Note that, for the dividend policy \(L^G\), which is associated with the solution of the HJB equation (2.5), this inequality becomes an equality. Indeed, \(R(y)= 0\) a.e. for this strategy, hence the first integral is zero.
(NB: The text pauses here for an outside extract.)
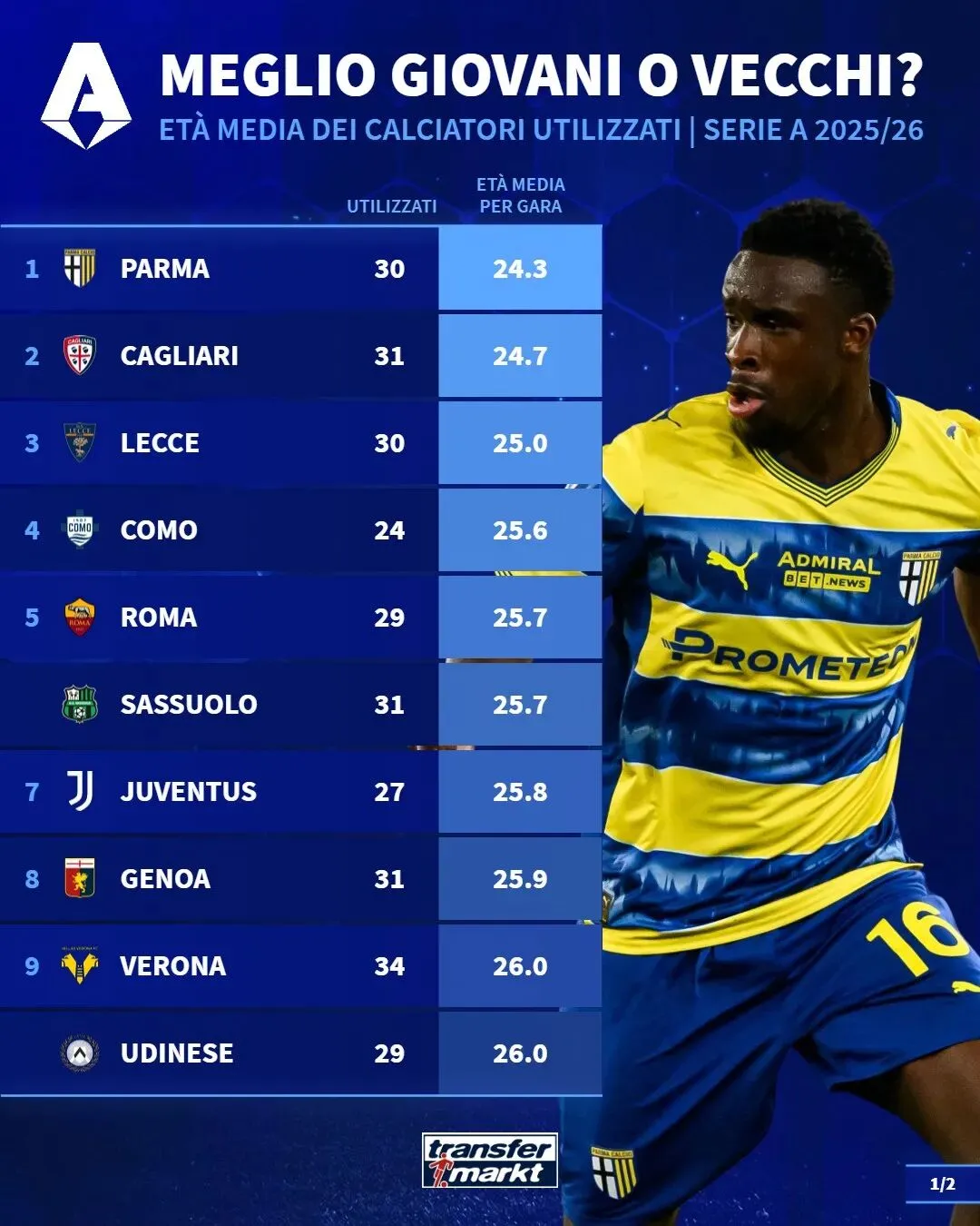 31出场平均年龄24.7岁,他们与帕尔马是两支仅有的出场球员平均年龄小于25岁的球队。莱切排在第三名,30人出场平均年龄为25岁。

A continuous flow of dividends corresponds to \(X(t) = m\) and \(s=1\), and we know that

$$\frac\partial{\partial x}\mspace{2mu}G(1,X(t))|_{X(t)=m}=1.$$

Finally, at the points of discontinuity,

$$G(\pi(t),X(t_+))-G(\pi(t),X(t))=X(t_+)-X(t).$$

Hence, taking the limit \(t \to +\infty\), we obtain the inequality

$$G(s,x) \ge \mathbb{E}_{s,x} \biggl[\int_0^{\tau}{e}^{-cy}\,dL(y)\biggr]$$

for an arbitrary dividend policy, which becomes an equality for the strategy associated with the solution of the HJB equation (2.5).

3. Conclusions

It is shown that the optimal dividend policy in the model of firm’s cash surplus following the telegraph process is of threshold type, which is in line with results for models with diffusion and regime switching. However, we had to perform rather tricky analysis of variational inequalities to find these thresholds. Further research may be related to generalization of our results to an arbitrary number of regimes and an analysis of links between our model and models with diffusion.